At this time we commit the transaction with id 100, create a new record with id 110 and change id 1, and do not commit the transaction

The version chain is

At this point, the previous select transaction performs another query for the record with ID 1.

Now comes the crucial point

If you have committed the read isolation level, then you redo the ReadView and the value in your active transaction list changes to [110].

According to the above statement, you go to the version chain and compare trx_id to find the appropriate result is Xiaoming 2.

If you are at the repeatable read isolation level, your ReadView will be the same as the one generated when you first selected, and the list will have the same value [100]. So the result of select is Xiaoming 1. So the second select result is the same as the first, so it is called repeatable read!

That is, a transaction at the committed read isolation level generates a separate ReadView at the start of each query, whereas a transaction at the repeatable read isolation level generates a ReadView at the first read, and subsequent reads reuse the previous ReadView.

This is the Mysql MVCC, through the version chain, to achieve multiple versions, concurrent read-write, write-read. Different implementations of different isolation levels are generated through ReadView policies.

Innobd’s core BurfferPool caching mechanism

Why don’t Mysql just update the data on disk instead of setting up a BurfferPool mechanism to execute SQL?

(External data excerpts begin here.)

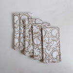 Brown Floral Hand Block Print Cotton Napkin Set 4
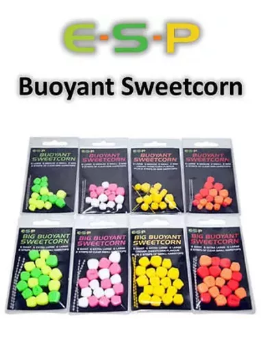 Een verpakking ESP drijvende imitatie maïs bevat 16 (verschillende maten) korrels maïs en 2 ESP Hair Stops. Een innovatief kenmerk van deze maïs is dat enkele stuks zijn uitgevoerd met een uitsparing voor de Hair Stop. Deze bevindt zich aan het uiteinde of aan een zijkant van de maïs. Hierdoor kunt u de positie aanpassen aan uw aaspresentatie. Door deze uitsparing steekt er niets uit waardoor het moeilijker wordt voor onder andere krabbetjes om de maïs te stelen. De verpakking bevat ook korrels zonder uitsparing. Perfect voor vele aasaanbiedingen voor zowel karper als brasem. Een verpakking bevat 6 grote, 6 medium, 2 kleine en 2 mini korrels maïs.
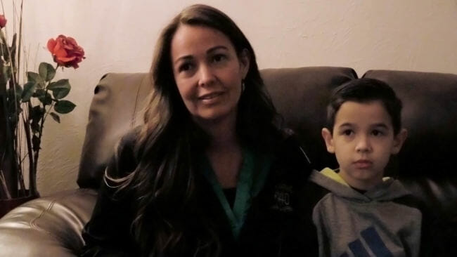 Chloe Abbott and her son, Tristan Ridgeway. (Video still by David Purdy/KTOO)
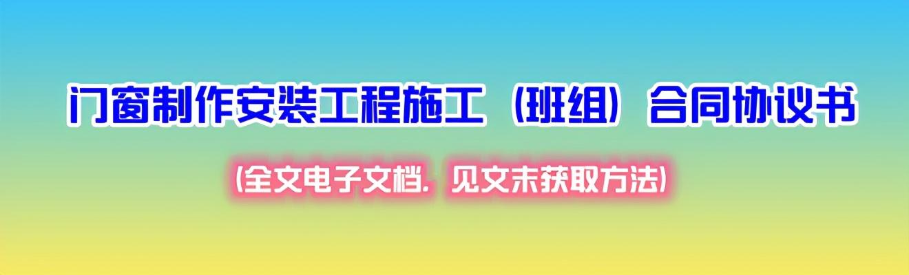 版权声明:我们致力于保护作者版权,注重分享,被刊用文章【工程合同书样本(门窗制作安装工程施工合同协议书)】因无法核实真实出处,未能及时与作者取得联系,或有版权异议的,请联系管理员,我们会立即处理! 部分文章是来自自研大数据AI进行生成,内容摘自(百度百科,百度知道,头条百科,中国民法典,刑法,牛津词典,新华词典,汉语词典,国家院校,科普平台)等数据,内容仅供学习参考,不准确地方联系删除处理!;
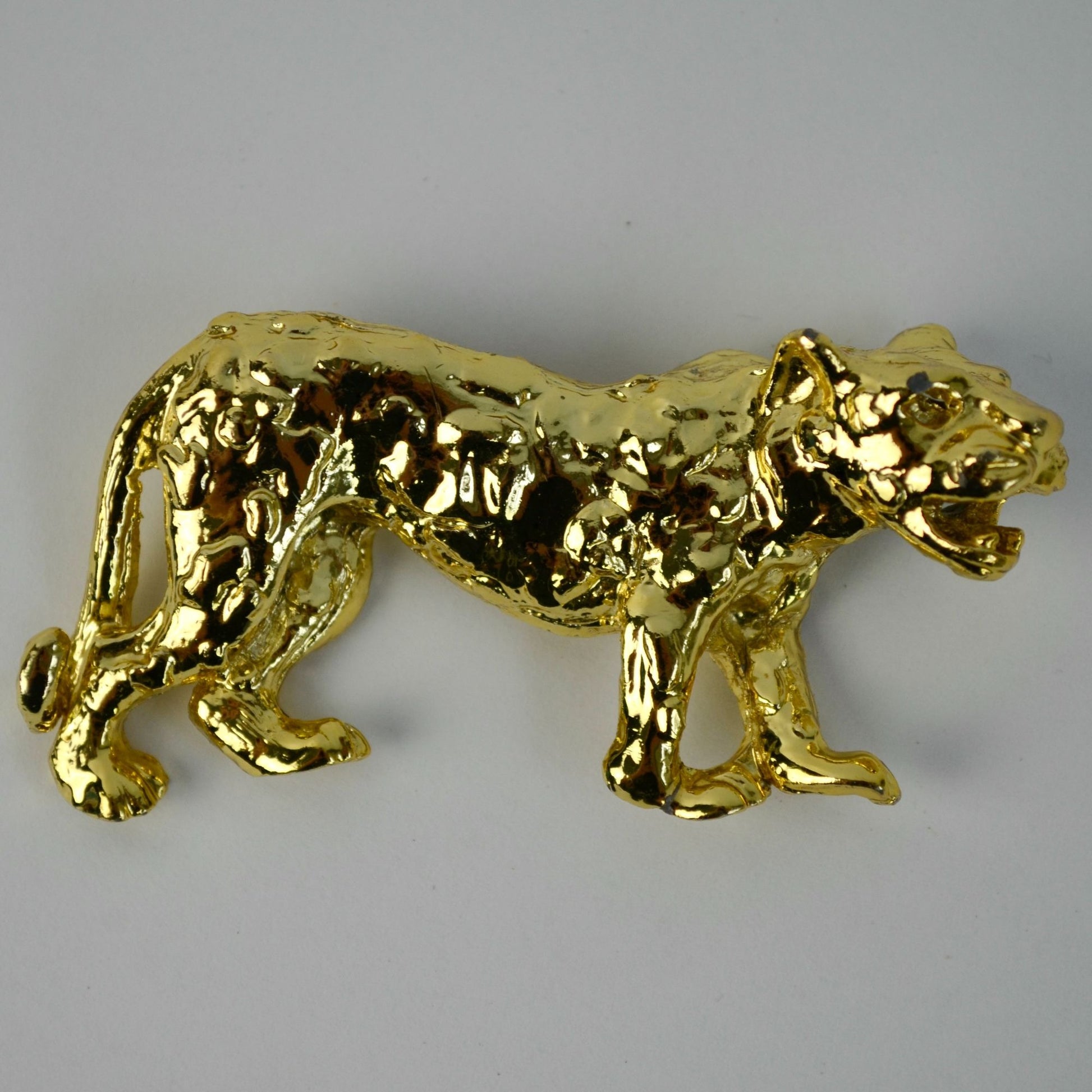 Vintage Jaguar Gold Shiny Brooch Unsigned

  • The performance of updating the data in the disk file can be quite poor because of the random read/write to the disk file directly on a single request.
  • Because the performance of random disk reads and writes is very poor, updating the disk files directly will not allow the database to withstand high concurrency. Mysql’s mechanism may seem complicated, but it ensures that each update request updates the memory BufferPool, and then writes to the log files sequentially, while also ensuring data consistency in the case of various exceptions. The performance of updating memory is very high, and the performance of sequential writing to log files on disk is also very high, much higher than random reading and writing to disk files. It is through this mechanism that our MySQL database can resist several dry read and write requests per second on the machine with high configuration.

Let’s take a look at the flowchart of the BurfferPool caching mechanism:

  1. For example, if our SQL is an update statement, MYSQL will actually query before updating. After the final execution plan is optimized by the MYSQL optimizer, the actuator will first remove the disk to find the corresponding data, because the data is stored as pages on the disk, and load a full page of data into the BufferPool based on the operating system’s prefetch function.
  2. Write the data before the update to undo_log to facilitate rollback.
  3. After the undo_log is successfully written, the data is then updated in the BufferPool cache pool.
  4. After BufferPool data is successfully updated, the latest data is written to the Redo_log_buffer.
  5. When a transaction is committed, the data in the Redo_log_buffer is written to the Redo_log to restore the data in the BufferPool
  6. While operation 5 is in progress, a thread is asynchronously started to write the bin_log to the bin_log file
  7. After the bin_log file is successfully written, the data in the redo_log file is marked with the commit mark to ensure the data consistency between the redo_log and bin_log after the transaction is committed.